Intel introduced Hyperthreading too, which, from what I gather, is like trying to make a single processor work as two. It tries to do more than one action at a time, which usually translates to pretty good performance gains, especially in apps optimized to support Hyperthreading.

What do you mean by "more stages in it's processing pipeline"? Is this like pushing water though a 1/2" pipe vs. 3/4" pipe? More pressure but less volume?
 

JustAnAverageGuy

Diamond Member
Aug 1, 2003
9,057
0
76
20 pipeline stages in a P4

I think a Mac G4 is about 7

Athlons are about 10-14 or so.

Not a wider pipe.

A shorter pipe.

assuming "water" (data) travels at a one pipeline every second second rate. PSI is the same.

in an Athlon system it would take about 10-14 seconds for the water to completely empty.

in a P4 it would take 20 seconds.

However, now lets assume you want to push oil down that same pipe.

You have to wait for all the of the water to get out before you can put new stuff in. Hence, wasted time.

An athlon system has been pushing oil down that pipe for 6-10 seconds before the P4 pipe even gets started getting filled. Meanwhile the athlon system finishes faster.

To make up for that fact, the intel P4 sends the data through faster (GHz rating). That is why a P4 2GHz loses to a AMD 2GHZ.

Hyperthreading is just the same as adding another pipe to send the data to a different part of the CPU. Which also allows the data in the first pipe to clear out while the data in the second virtual pipe is being sent through at the same time as the AMD system.

That's my basic understanding of it, but you may wait for someone to confirm that :/
 

OddTSi

Senior member
Feb 14, 2003
371
0
0
I think everyone is confusing the guy by using technical terms and going into descriptions of pipelines.

It's all a matter of throughput, which is the true measure of a processor's performance, not IPC or frequency.

Imagine two escalators, A and B. A is only wide enough for two people to fit on one step, B on the other hand is wide enough for 4 people to fit on one step. A however moves twice as fast as B does. If you compare the escalators based only upon how many people can fit on each step, B is the better one. If you compare the escalators based upon how fast they go, then A is the better one. But which one can move more people for a given time period (the true measure of performance)? The answer, they both move the same. B fits twice as many people per step, but A moves twice as fast so it makes up for that.

This is analogous to processors. How many people can fit on each step is like the IPC (Instructions Per Cycle) of a processor, how much work it gets done per cycle. How fast the escalator moves is like the frequency of a processor, how many cycles in a second. So the true performance of a processor is based on the product of these two values (there's other things that come into play like memory etc, but we'll just keep it simple), how much work gets done in a second.

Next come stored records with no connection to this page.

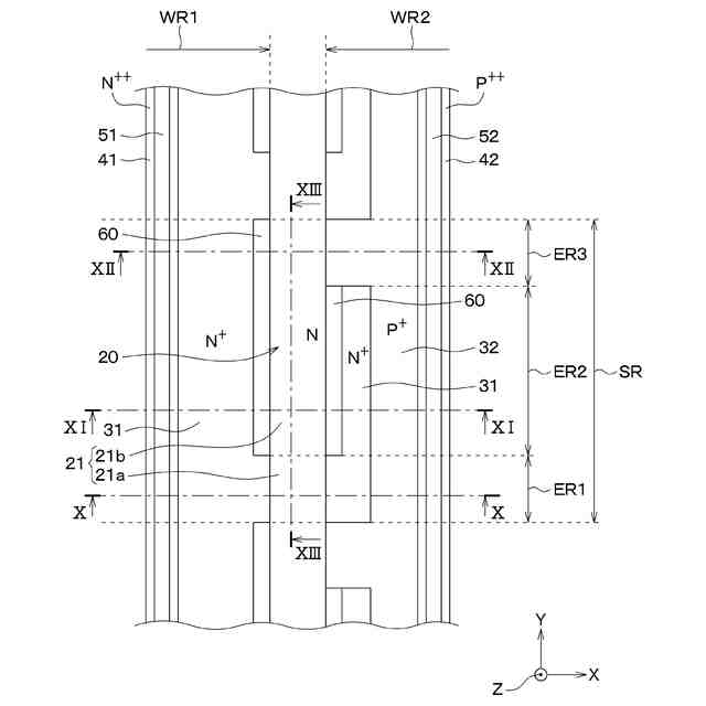 型とされ、第2凸部用第1部位を挟んで第1凸部用第1部位と反対側に配置され、第2凸部用第1部位および第1凸部用第2部位と接続されている。第2スラブ部は、コア部のP型よりも不純物濃度が高いP
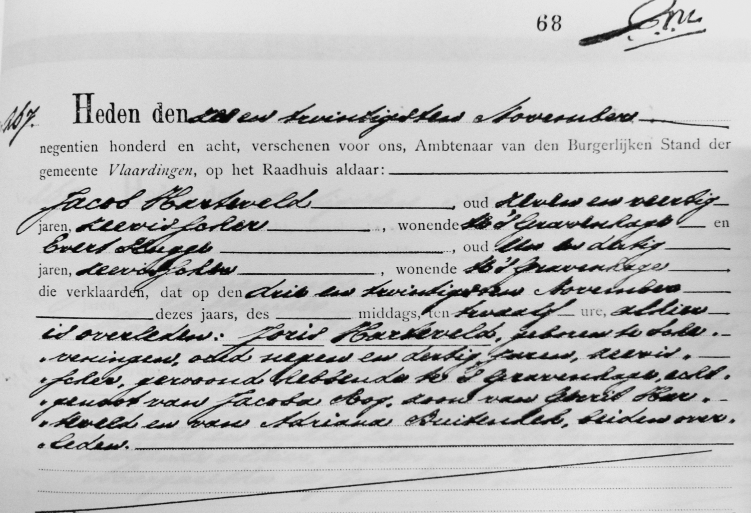 Een stortzee sloeg de schipper zodanig tegen het dek en de verschansing aan dat hij naast een gapende hoofdwond en een hersenschudding nog een verbrijzeld been opliep. Een matroos raakte zwaar gekneusd aan een been. De schipper Joris Harteveld overleed echter binnen enkele uren aan zijn verwondingen. Het lichaam werd te Vlaardingen aan wal gebracht en vervolgens naar zijn woning te Scheveningen vervoerd. Op 28 november vond de gezamenlijke begrafenis met die van Minnekus Plugge, stuurman van de SCH 47, plaats. De Scheveningse godsdienstleraren Ter Avest en Douma leidden de plechtigheid.
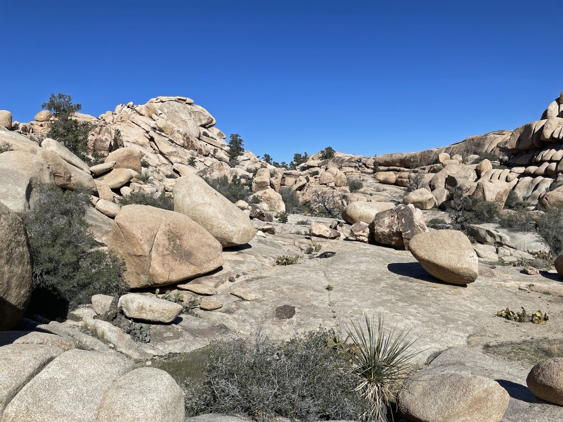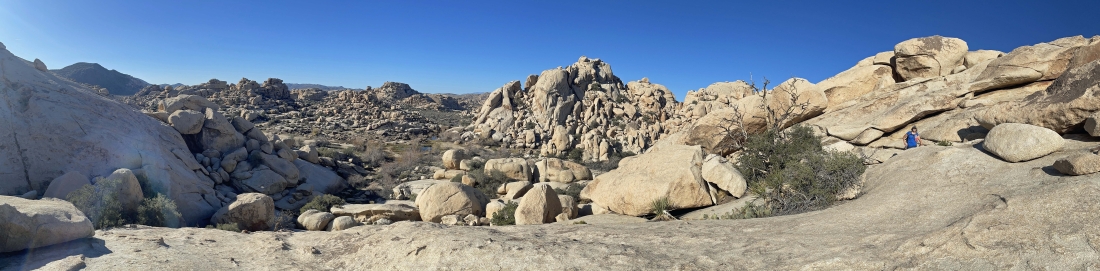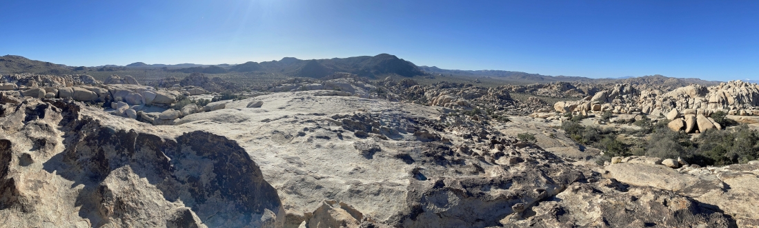 Almost down to the main wash of the Wonderland of Rocks... looking back at the South Astro Dome on the far left... with 'The Camel' on the far right horizon.
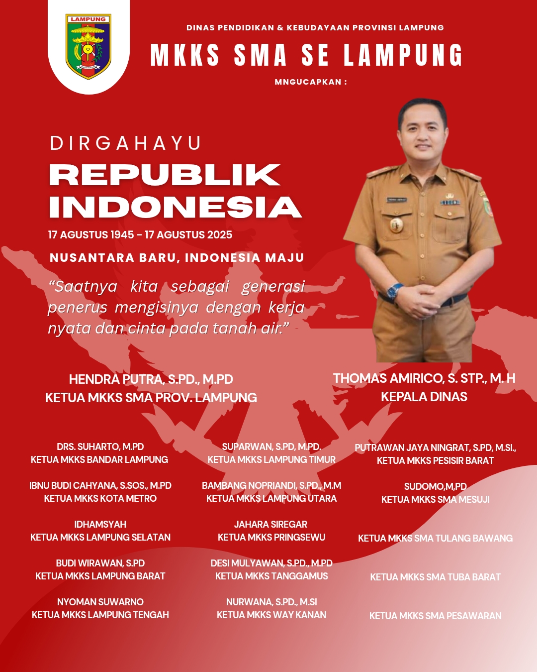 Bandar Lampung, Tipikor.news – Seluruh jajaran Musyawarah Kerja Kepala Sekolah (MKKS) dan kepala Sekolah Menengah Atas (SMA) se-Provinsi Lampung dengan bangga mengucapkan selamat Hari Ulang Tahun Republik Indonesia yang ke-80.
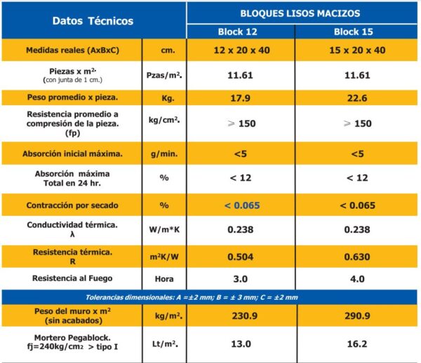 El block macizo es una pieza hecha de concreto para uso estructural de forma rectangular de con las caras lisas, que se produce de utilizando unos moldes que después se vibrocompactan, se curan con inyección de vapor por lo que la contracción es muy baja y mantiene uniformidad en su apariencia.
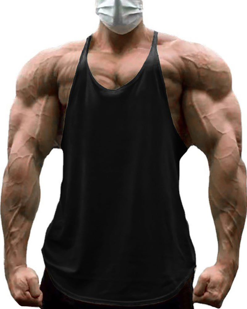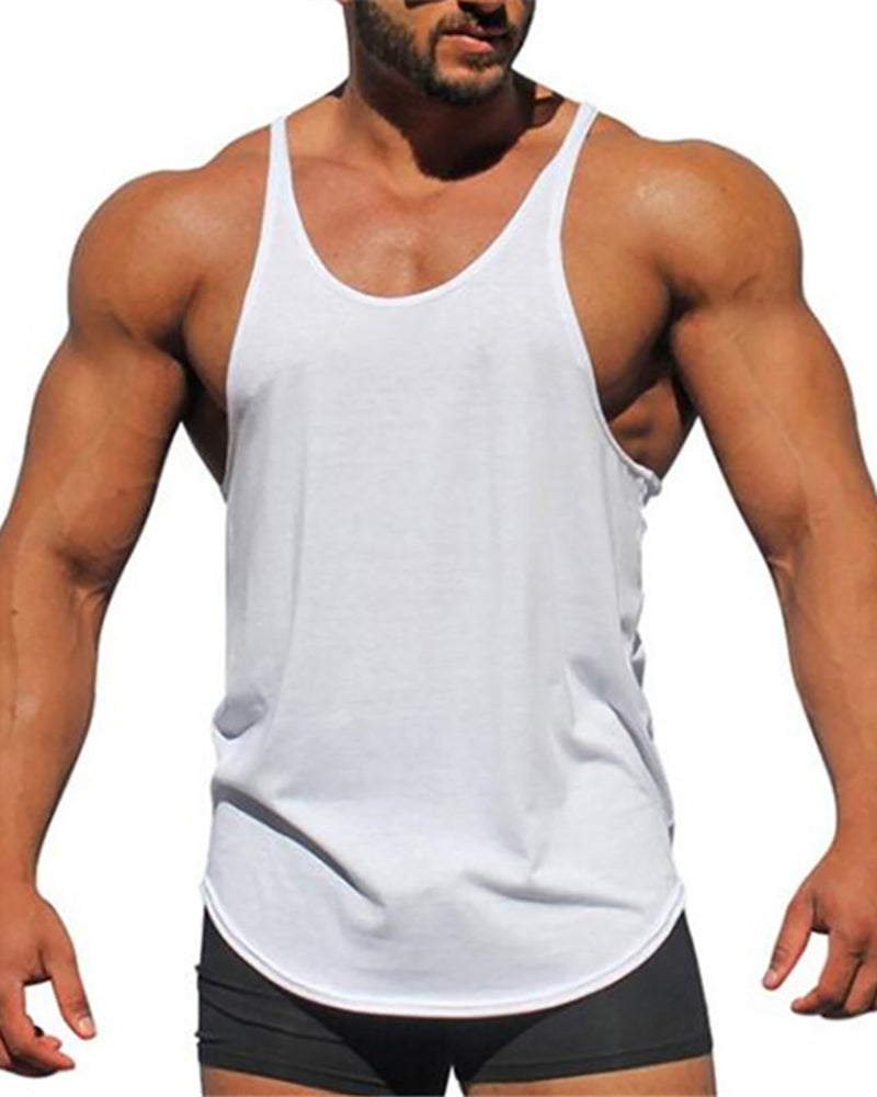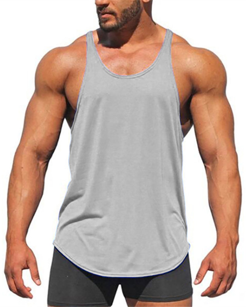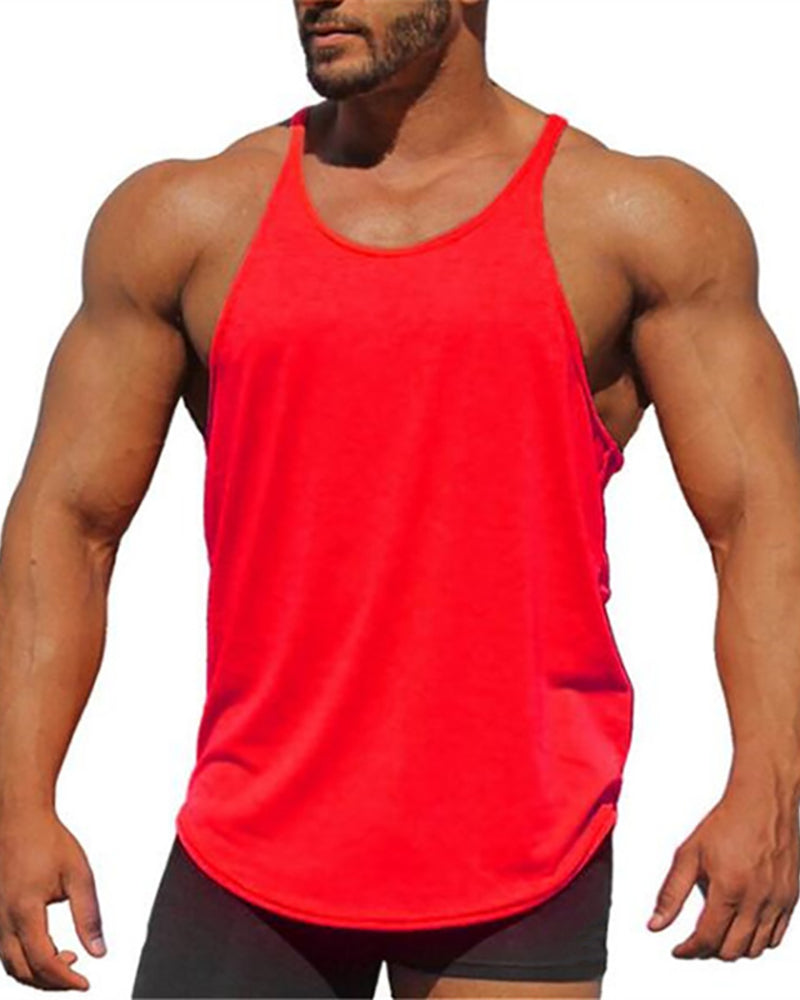 Men's Solid Color Sports Vest Fitness Thin Belt I-Back Halter Top White Yellow Red Gray Blue Black M-2XL
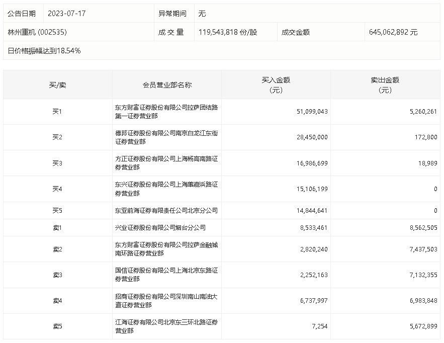 具体来看,东方财富证券拉萨团结路第一证券营业部、德邦证券南京白龙江东街证券营业部分别买入5109.90万元、2845.00万元;兴业证券烟台分公司、东方财富证券拉萨金融城南环路证券营业部分别卖出856.25万元、743.75万元。

AMD processors do more work per cycle, but the P4 processors have a higher frequency that makes up for it. In the end each individual value (IPC and Frequency) is fairly useless, it's the product of the two values that matters.
 

Jeff7181

Lifer
Aug 21, 2002
18,368
11
81
Originally posted by: OddTSi
I think everyone is confusing the guy by using technical terms and going into descriptions of pipelines.

It's all a matter of throughput, which is the true measure of a processor's performance, not IPC or frequency.

Imagine two escalators, A and B. A is only wide enough for two people to fit on one step, B on the other hand is wide enough for 4 people to fit on one step. A however moves twice as fast as B does. If you compare the escalators based only upon how many people can fit on each step, B is the better one. If you compare the escalators based upon how fast they go, then A is the better one. But which one can move more people for a given time period (the true measure of performance)? The answer, they both move the same. B fits twice as many people per step, but A moves twice as fast so it makes up for that.

This is analogous to processors. How many people can fit on each step is like the IPC (Instructions Per Cycle) of a processor, how much work it gets done per cycle. How fast the escalator moves is like the frequency of a processor, how many cycles in a second. So the true performance of a processor is based on the product of these two values (there's other things that come into play like memory etc, but we'll just keep it simple), how much work gets done in a second.

AMD processors do more work per cycle, but the P4 processors have a higher frequency that makes up for it. In the end each individual value (IPC and Frequency) is fairly useless, it's the product of the two values that matters.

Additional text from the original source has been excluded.